Leaving out all pictures, return exactly the lines from the one that contains "Flex 36 in." through the end of the data below.
◆ ◆ ◆ ◆ ◆ ◆ ◆
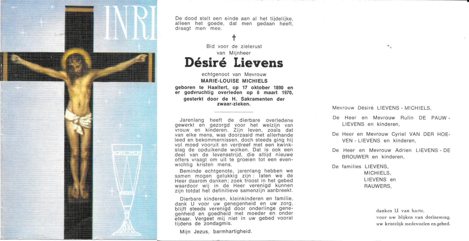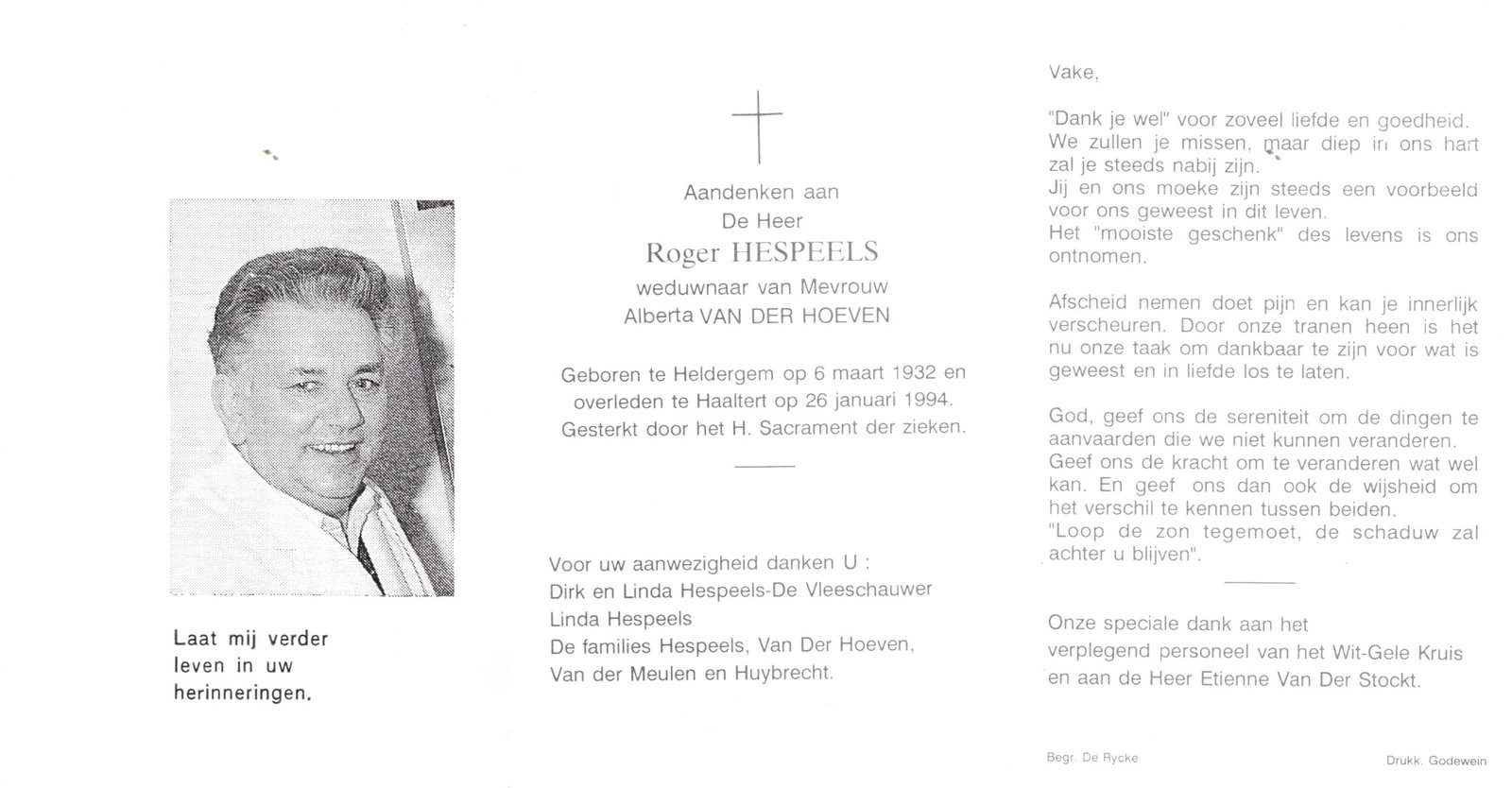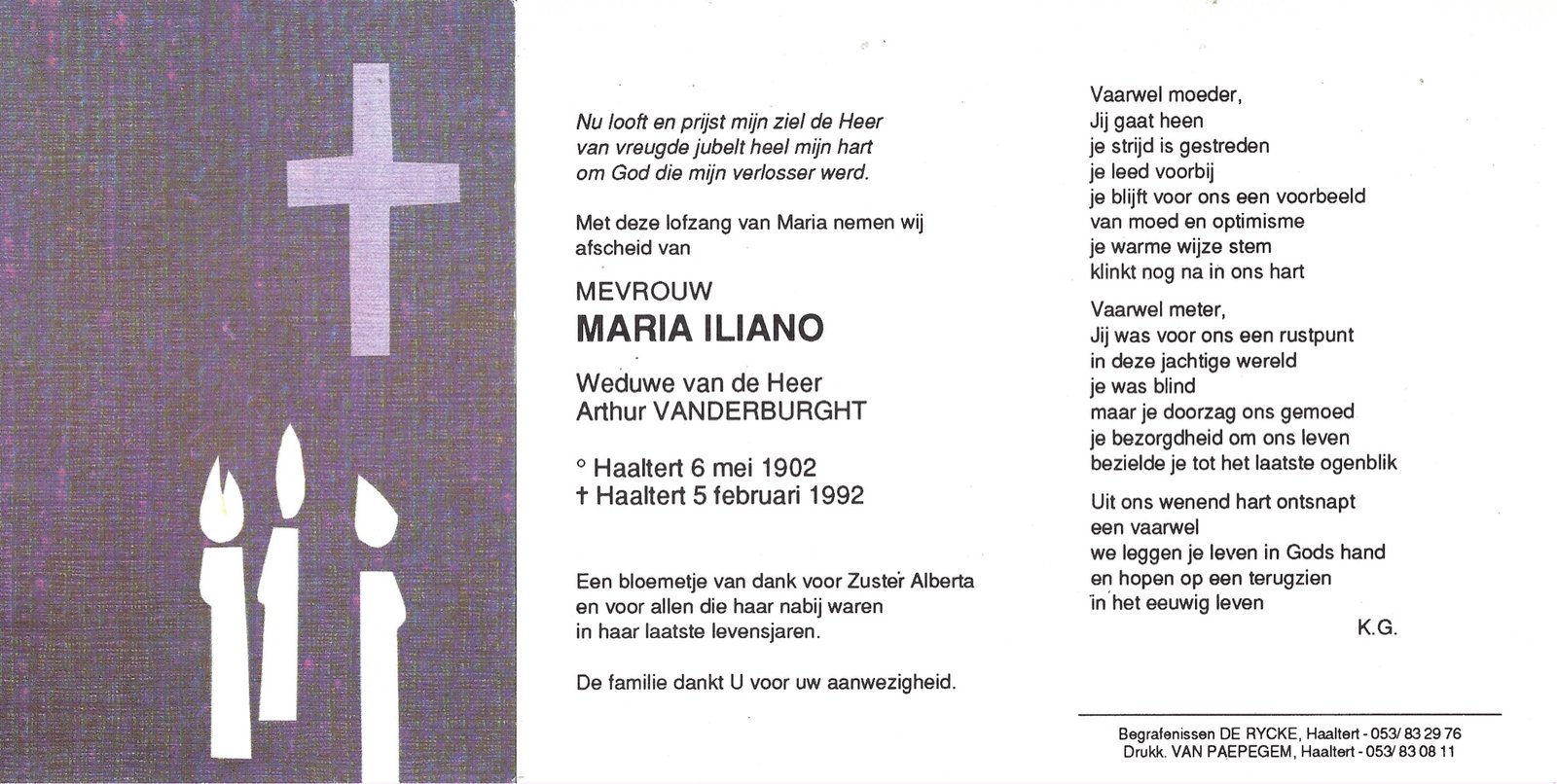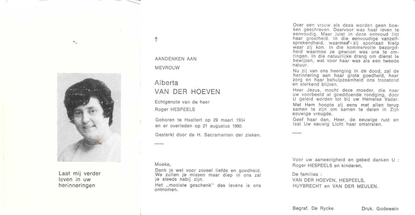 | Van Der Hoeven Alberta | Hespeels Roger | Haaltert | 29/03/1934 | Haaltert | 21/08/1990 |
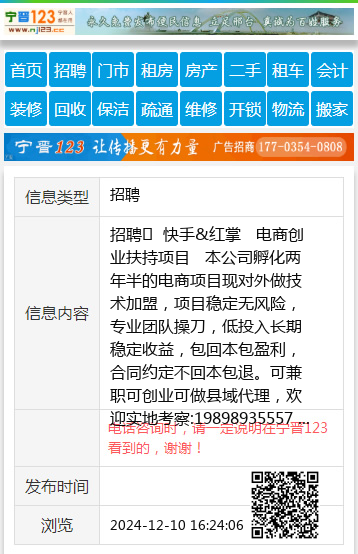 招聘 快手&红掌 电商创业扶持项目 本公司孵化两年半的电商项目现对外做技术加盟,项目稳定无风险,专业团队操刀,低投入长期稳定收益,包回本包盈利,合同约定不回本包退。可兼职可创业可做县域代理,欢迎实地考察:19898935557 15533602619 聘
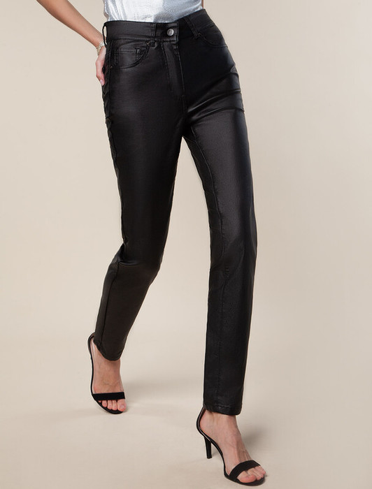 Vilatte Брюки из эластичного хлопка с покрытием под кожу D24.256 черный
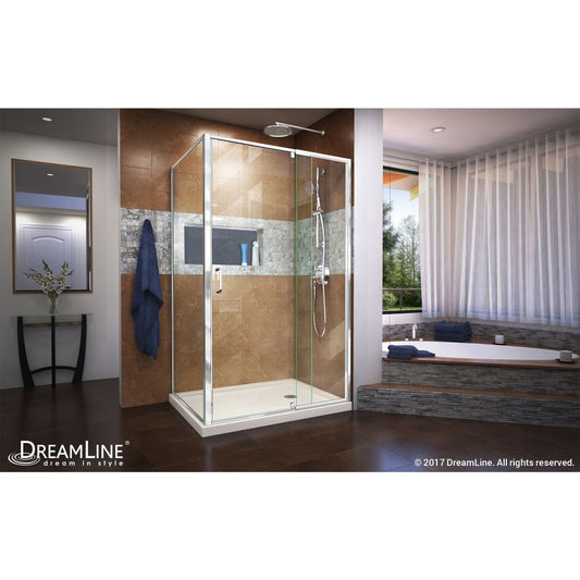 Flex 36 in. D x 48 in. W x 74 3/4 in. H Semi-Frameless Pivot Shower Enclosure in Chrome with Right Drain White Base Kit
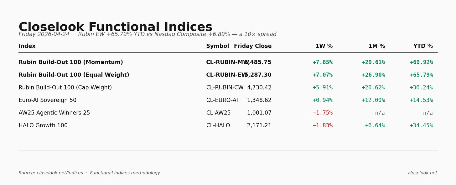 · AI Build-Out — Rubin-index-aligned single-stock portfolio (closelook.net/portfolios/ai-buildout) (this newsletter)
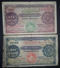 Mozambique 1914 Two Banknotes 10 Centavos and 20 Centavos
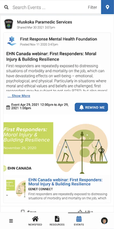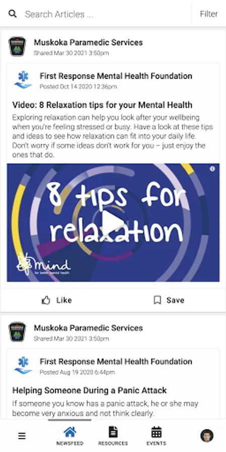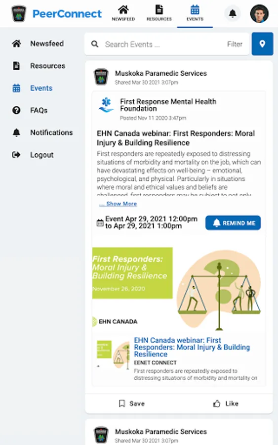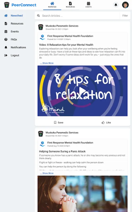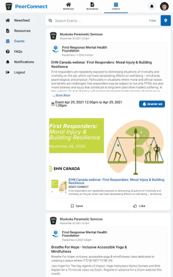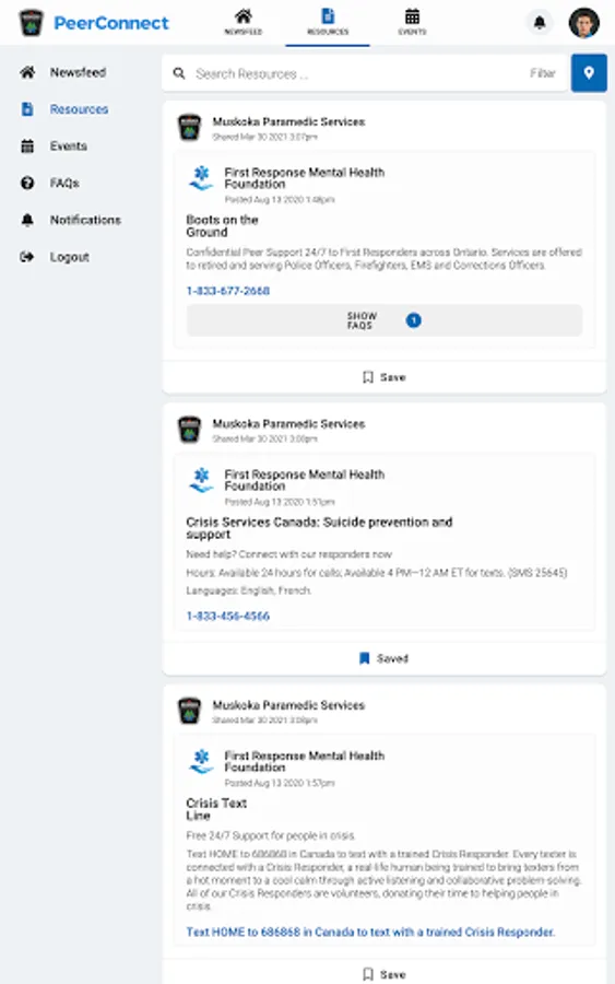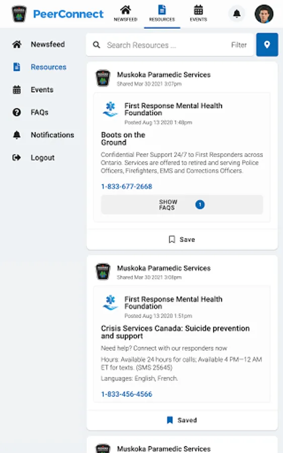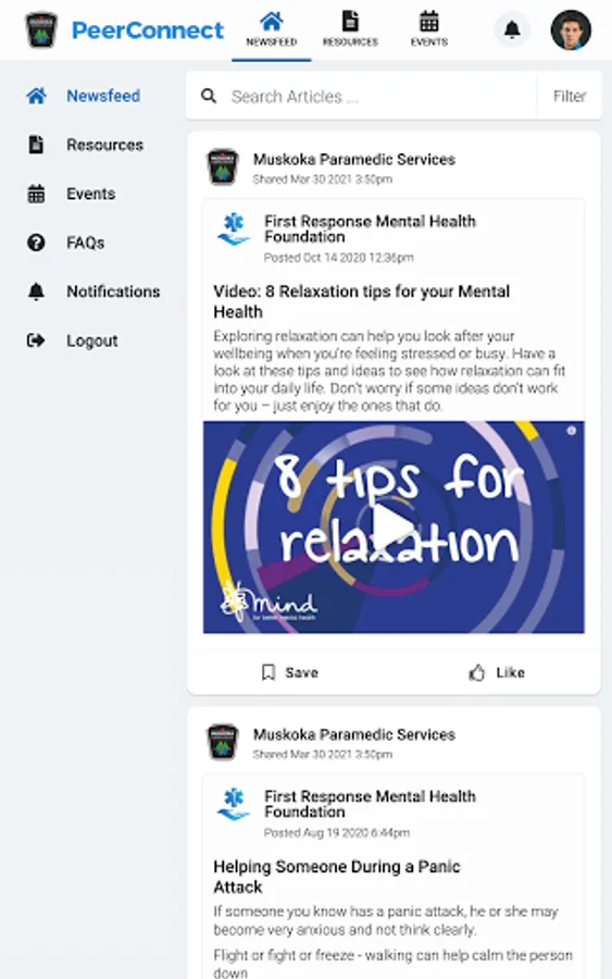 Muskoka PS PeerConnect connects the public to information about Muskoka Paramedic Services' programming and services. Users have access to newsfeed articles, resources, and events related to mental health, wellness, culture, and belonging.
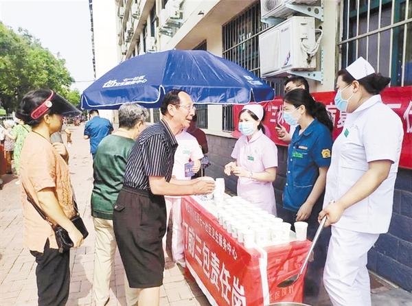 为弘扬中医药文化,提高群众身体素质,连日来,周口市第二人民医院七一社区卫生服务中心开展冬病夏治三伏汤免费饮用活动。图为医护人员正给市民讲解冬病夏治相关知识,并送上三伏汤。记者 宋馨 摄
◆ ◆ ◆ ◆ ◆ ◆ ◆
Solution for this exercise >>
 Flex 36 in. D x 48 in. W x 74 3/4 in. H Semi-Frameless Pivot Shower Enclosure in Chrome with Right Drain White Base Kit
 · AI Build-Out — Rubin-index-aligned single-stock portfolio (closelook.net/portfolios/ai-buildout) (this newsletter)
 Mozambique 1914 Two Banknotes 10 Centavos and 20 Centavos
 Muskoka PS PeerConnect connects the public to information about Muskoka Paramedic Services' programming and services. Users have access to newsfeed articles, resources, and events related to mental health, wellness, culture, and belonging.
 为弘扬中医药文化,提高群众身体素质,连日来,周口市第二人民医院七一社区卫生服务中心开展冬病夏治三伏汤免费饮用活动。图为医护人员正给市民讲解冬病夏治相关知识,并送上三伏汤。记者 宋馨 摄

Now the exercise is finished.